• Stored data:
------------------------------------------------
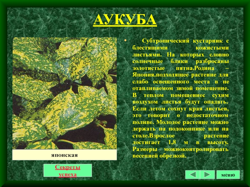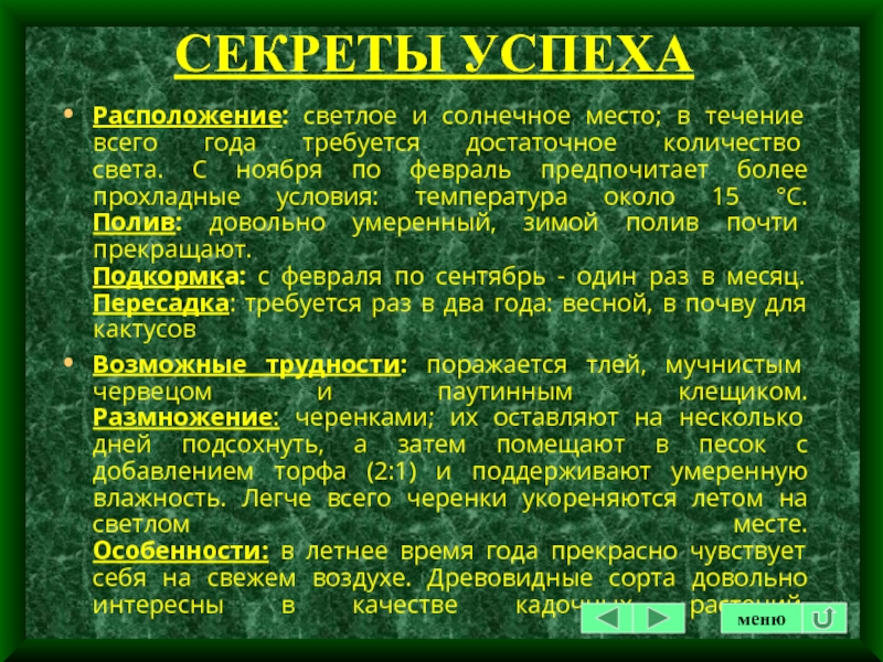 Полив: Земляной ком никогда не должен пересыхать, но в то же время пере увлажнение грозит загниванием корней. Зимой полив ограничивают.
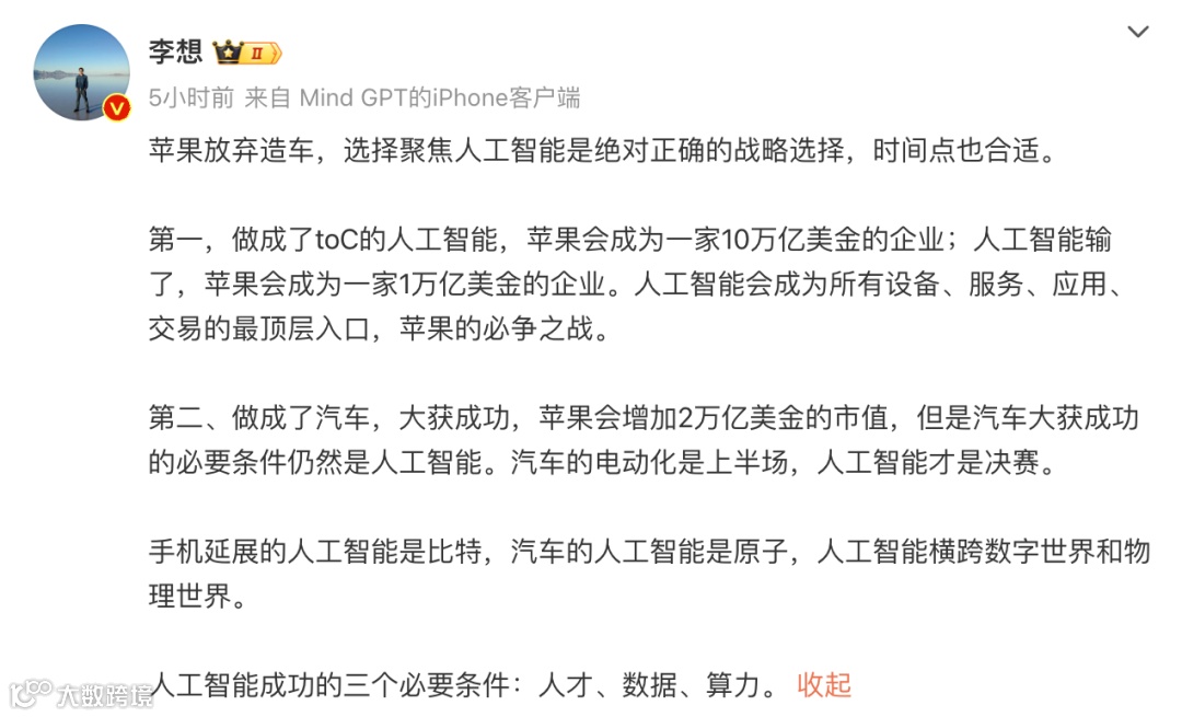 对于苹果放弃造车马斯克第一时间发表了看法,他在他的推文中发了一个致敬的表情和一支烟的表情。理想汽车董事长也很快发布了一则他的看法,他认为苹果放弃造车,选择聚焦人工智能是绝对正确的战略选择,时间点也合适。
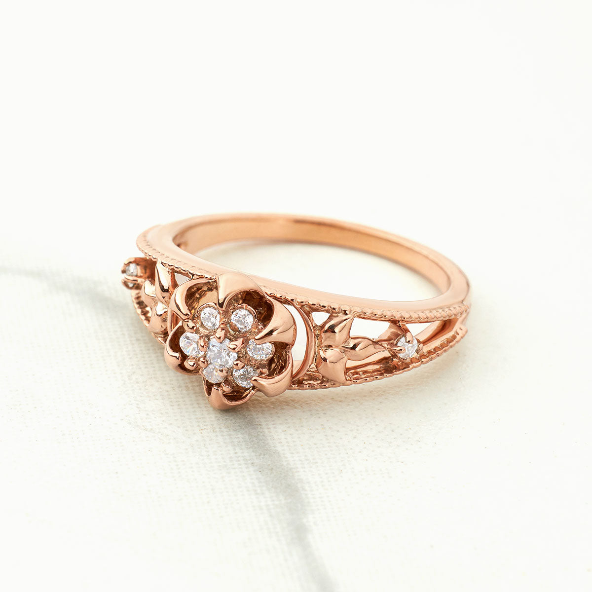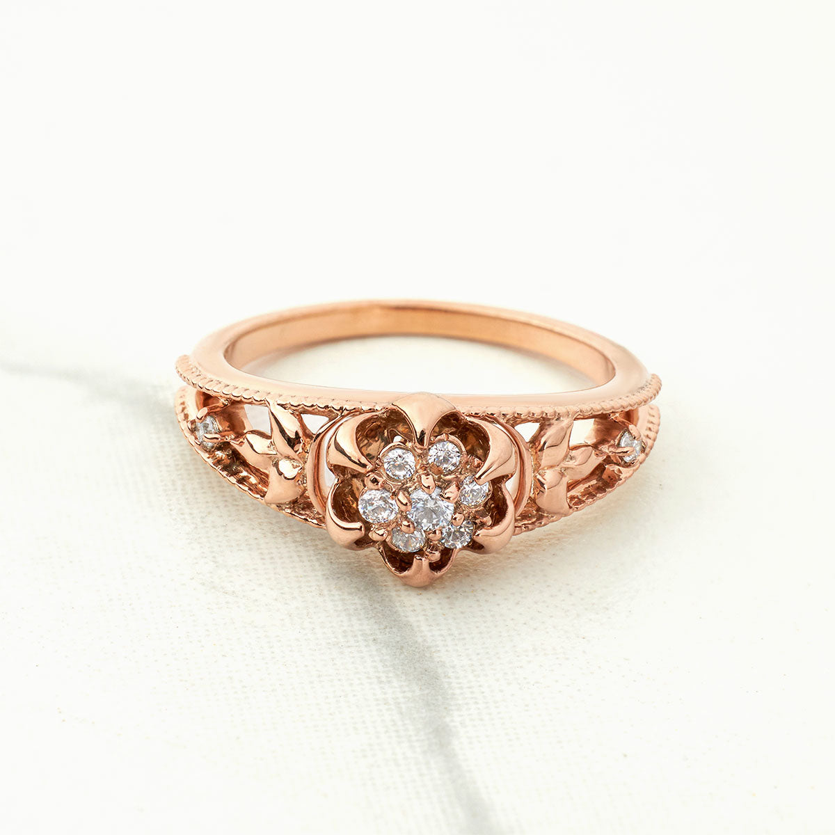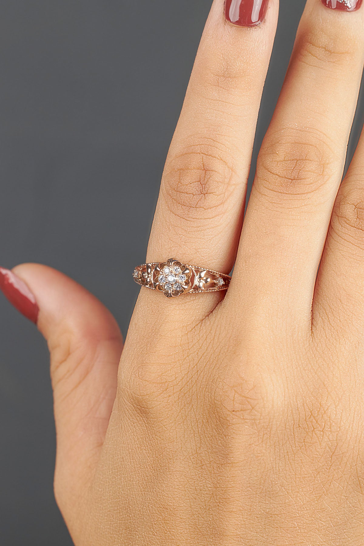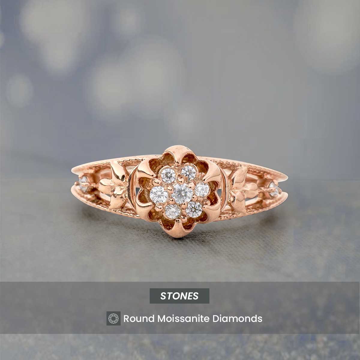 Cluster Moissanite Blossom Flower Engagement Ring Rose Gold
------------------------------------------------
• Exercise: If you see a picture in the listing, skip it while copying everything else exactly.

• Result of this exercise:
 Полив: Земляной ком никогда не должен пересыхать, но в то же время пере увлажнение грозит загниванием корней. Зимой полив ограничивают.
 对于苹果放弃造车马斯克第一时间发表了看法,他在他的推文中发了一个致敬的表情和一支烟的表情。理想汽车董事长也很快发布了一则他的看法,他认为苹果放弃造车,选择聚焦人工智能是绝对正确的战略选择,时间点也合适。
 Cluster Moissanite Blossom Flower Engagement Ring Rose Gold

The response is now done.